I did this model of a Jedi Starfighter a while back and decided to make a low poly version. The high res was modeled in LightWave (rendered here in 3D Coat). The retopology is being done in 3D Coat.
Thanks, I haven't actually touched the high-res model in a couple of years aside from slicing a couple ngon polys to make it display nicely in 3D Coat. Maybe I'll look into it.
I would like to see some wireframe on that. Also one thing that should be incorporated better is the R2D2, right now it looks like he sticks to much out, also the edges arround him should be tighter. But nice highpoly, some smoothing errors here and there but nothing to serious, should be easy to fix.
Here's wires. Sorry if my responses are a little delayed, I'm being moderated since I guess I haven't posted here before. Funny since I signed up months ago.
Well that's only the high-res. I think it should be easy enough to clean up the normal map after it's baked. Probably easier than tweaking the polys, just throw the Smooth brush at it real quick.
Generally its a good habit to fix errors in the HP rather than in the normals. It can get very problematic doing these sort of tweaks in the normal map, because its not just simple data 2d like a hieght/bumpmap, but you have compensation for the smooth/normals of the lowpoly mesh etc.
Also if you think about it in a production environment, what if you need to change some of the lowpoly geometry, or change the uvs, now you need to rebake. Now you're redoing the painting tweaks etc. Once you understand this stuff fully you really shouldn't ever need to paint out anything in your NM.

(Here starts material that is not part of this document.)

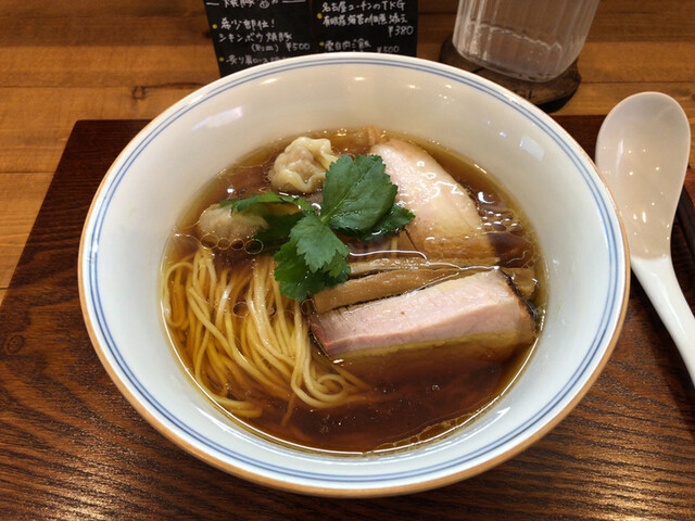 地鶏をベースに豚などが合わされた旨味たっぷりのスープに、鶏油のコクも加わわり、醤油の主張が強いながらも、上品に仕上がっています。
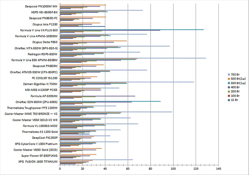 | Chieftec Atmos 850W (CPX-850FC) | 257 | 1033 | 1957 | 3816 | 4768 | 4765 | 7245 |

Its good practice to have all of these issues nailed down before you even start your lowpoly, and the more you deal with them you'll realize they are generally very simple and quick to fix in the mesh.
Yeah I had mentioned that I would look at the pinching in one of my earlier posts but I guess a mod forgot to approve it or something. It was a response to Beartraps way back in the beginning of the theread. Of course it's good to have it right in the first place, you are right.
I'm really looking forward to this finished. I'd love to do a star wars vehicle, they're really cool.
The only thing that bothers me is that little circular thing on the back right of the ship, if you're facing it head on. That little highpoly circular bit looks too messy compared to the rest of the ship. It's very obvious on the 4th picture at the top. It just seems like the only messy looking part to an almost perfect highpoly.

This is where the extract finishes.